С мамой мы переписывались: открытки от нее приходили часто, письма бывали редки, она считала, что их долго задерживают на просмотре. Мама скучала: одна, далеко, в совершенно чужом месте. К работе в «Союзтрансе» она привыкла. Были еще ссыльные, но близкого знакомства не завязалось, хотя нашлось с кем общаться, и это немного разнообразило жизнь. Мы надеялись, что мама получит разрешение на перевод к нам, ее заявление послали через Петропавловск в Москву. Конечно, ГПУ не жандармское управление, которое, не долго думая, переводило ссыльных из города в город и разрешало отбывать срок хоть в Париже. В ГПУ дело тянулось, и мама уже не раз наводила справки, но ответа все не было.
Семейный наш кризис разрешился: развода не будет – я поняла, что забеременела. Врачиха в консультации, установившая сей факт, спросила робко: «Будете рожать или делать аборт?» Тогда это не запрещалось. Но для меня, несмотря на все сложности, и вопроса не было. Новое мое состояние казалось так значительно, что я даже не задумывалась о трудностях. А они были не только в отношениях с Федором, но и в неустойчивости нашей кочевой и ненадежной жизни.
Чувствовала я себя хорошо, была деятельна, бодра, серьезно относилась к «удвоенности» своей особы. Тревоги мои были связаны с общим положением и бытовыми неурядицами. Приходилось думать, как утеплиться на зиму, как приготовить все необходимое для ребенка. Те годы были не лучшим временем для прибавления семьи.

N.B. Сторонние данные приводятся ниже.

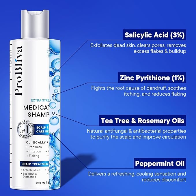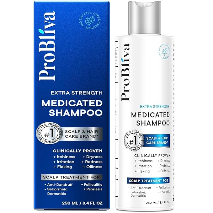 ProBliva Medicated Anti-Fungal & Dandruff Shampoo: Extra Strength Scalp Treatment for Dandruff, Folliculitis, Psoriasis, Seborrheic Dermatitis, Itchy & Dry Scalp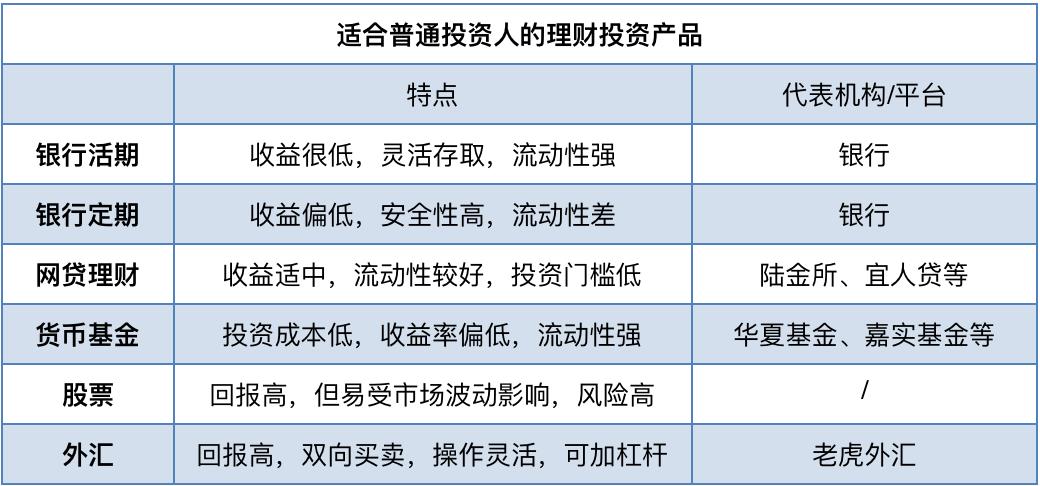 根据粗略统计,这些娱乐明星们的投资,除了涉猎房地产、餐饮业、画廊、文化公司、影视剧等传统模式外,近几年,也越来越向增值最快的资本市场靠拢,敢于把握互联网时代高速发展浪潮,根据自己的喜好选择一些新兴的互联网创业项目。 如宣布息影专心做投资的“公孙策”任泉,除以其个人名义投资的项目外,他和李冰冰、黄晓明等人成立的“StarVC”,先后投资秒拍、韩都衣舍、明星衣橱等多个新兴互联网项目,可谓开了明星创立专业投资机构的先河。 除此之外,明星们还乐于充分发挥并利用自身得天独厚的资源优势,偏爱与商业领域大佬们合作。如邓超在2014年就加盟了创投大佬、360公司董事长周鸿祎的“蒲公英创业计划”,和周鸿祎、真格天使投资基金徐小平、导演俞白眉三人一起担任创业导师,寻找“中国好应用”,对安卓应用APP开发者提供全程资源支持。李亚鹏退出娱乐圈后专职“投资+创业”,2014年加入黑马基金,和徐小平、王石、俞敏洪等投资界大佬一起成为有限合伙人之一。 当然,由于任何投资都有潜在的市场风险,因此明星们在资本运作上也呈现出立体化运作多点开花的特点,注重资产的多元化配置,分散风险。如黄晓明的投资触及影视、红酒、服装、高尔夫球、互联网等多个领域,版图一直在稳步扩展,是娱乐圈出了名的投资高手。 总体而言,明星们作为公众人物,拥有众多的粉丝和超强影响力,做投资具有很大优势,但卸下名人光环,他们其实也和普通人一样,渴望获得更加稳定、持续的财富增值之道。 对普通人而言,虽然没有如明星们一般巨大的财富和资源实力,但也可根据自身收入支出情况合理规划。因为在经济高速发展、消费升级的当前社会,合理的资产配置和投资方式是每个人必修的课题,是我们获得品质生活的一种智慧方式。下面笔者简单筛选了几种比较适合普通投资者的理财投资产品,仅供大家参考: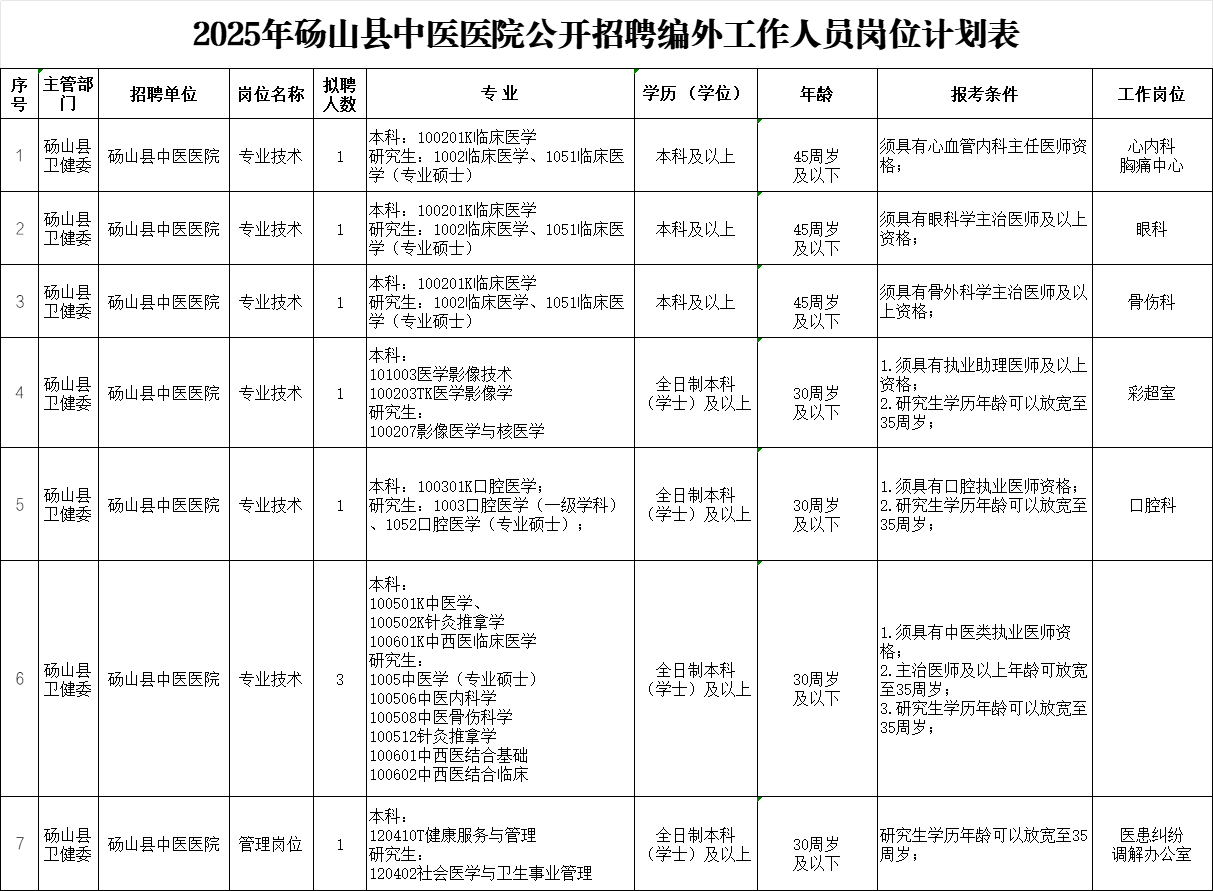 为促进我县卫生事业发展,加强人才队伍建设,着力提升服务能力,现将2025年砀山县中医医院公开招聘编外工作人员有关事项公告如下: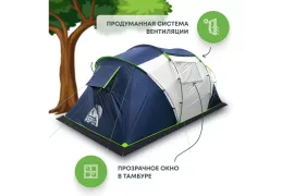Палатка двухслойная, что предотвращает скапливание конденсата. Имеет три вентиляционных клапана с многоуровневой регулировкой потока воздуха, все оснащены москитными сетками. В спальных комнатах предусмотрены большие вентиляционные окна с возможностью фиксации в разных положениях. Вход в тамбур и двери в спальни продублированы москитными сетками.

Но о планировании семьи, как учат теперь не только специалисты, но даже газеты, тогда никто не думал. Федор относился к возможным последствиям с первобытной небрежностью, я была наивна и не задавалась вопросом, почему это не случилось раньше. Удивительно, что перед отъездом в Уральск никто из близких и опытных не снабдил меня ни советом, ни знаниями. Теперь же, когда мой живот стал округляться и я сообщила своим, что мы ждем ребенка, все стали ахать, охать и тревожиться – как это не вовремя и что же с нами будет. Одна мама не охала, она послала в Москву напоминание о переводе в Уральск и обосновала его необходимостью помочь дочери с ребенком.
Пока же мной руководила наша добрая хозяйка. Сговорила печника, сложили кирпичную печку с плитой в холодном углу. Подсказала, что нужно сшить из приданого. Ничего готового не продавали, надо было все делать самим. Ватное стеганое одеяльце можно было заказать ссыльным монашкам, которые жили неподалеку. Заказ приняла худая, неразговорчивая, суровая сестра Наталья, остриженная под машинку, с недобрым взглядом. Так случай свел меня с человеком, выручившим меня в беде.
Молодая и здоровая, я не думала о том, что со мной может случиться что-нибудь вредное для ребенка, и вела себя чересчур храбро – то приехала с базара, сидя на возу с кизяками, который тащил с раскачкой верблюд, то съездила на безрессорной таратайке в загородный поселок по поручению редакции. И ничего со мной не случалось, и ребенок мирился со своей резвой мамой.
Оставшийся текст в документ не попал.